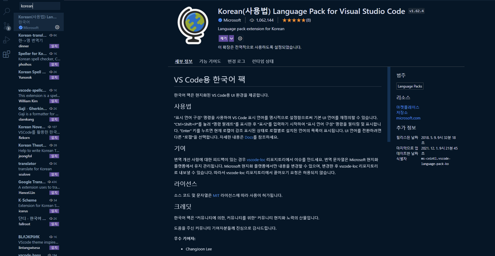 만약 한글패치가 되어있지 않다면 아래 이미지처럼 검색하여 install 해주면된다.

---

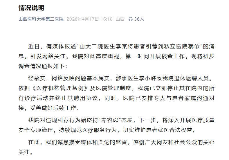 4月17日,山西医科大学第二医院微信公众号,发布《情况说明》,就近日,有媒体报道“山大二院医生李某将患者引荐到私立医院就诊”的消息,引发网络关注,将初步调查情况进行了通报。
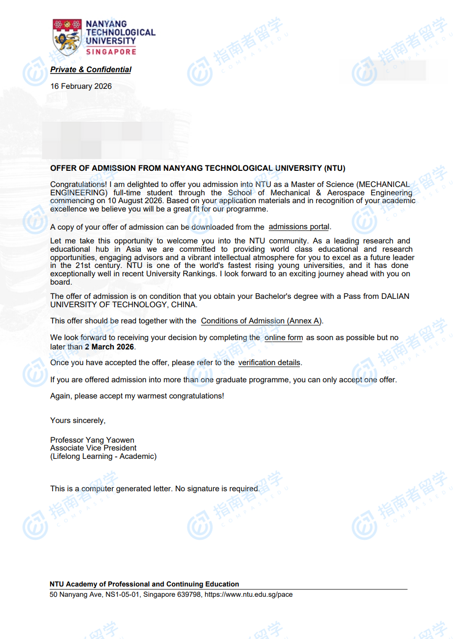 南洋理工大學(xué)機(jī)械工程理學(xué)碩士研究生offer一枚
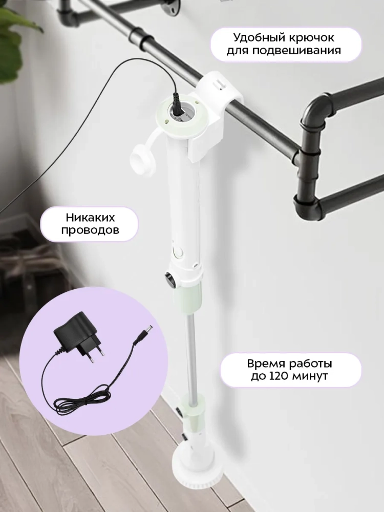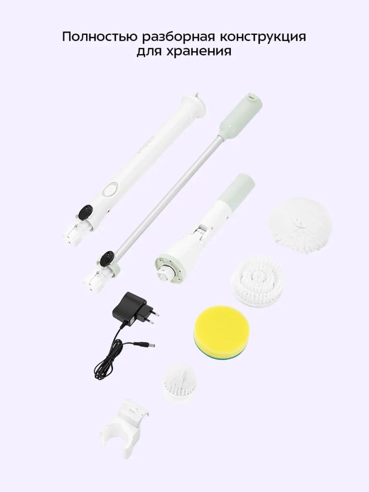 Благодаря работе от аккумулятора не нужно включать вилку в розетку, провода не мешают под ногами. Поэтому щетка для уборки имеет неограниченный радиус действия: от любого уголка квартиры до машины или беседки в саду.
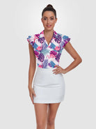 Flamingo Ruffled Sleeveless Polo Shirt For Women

• Your objective: Set the pictures aside and retype exactly the lines above from the line with "Благодаря работе от" to the line with "Flamingo Ruffled Sleeveless", both included, adding no others.

• The completed task:
 Благодаря работе от аккумулятора не нужно включать вилку в розетку, провода не мешают под ногами. Поэтому щетка для уборки имеет неограниченный радиус действия: от любого уголка квартиры до машины или беседки в саду.
 Flamingo Ruffled Sleeveless Polo Shirt For Women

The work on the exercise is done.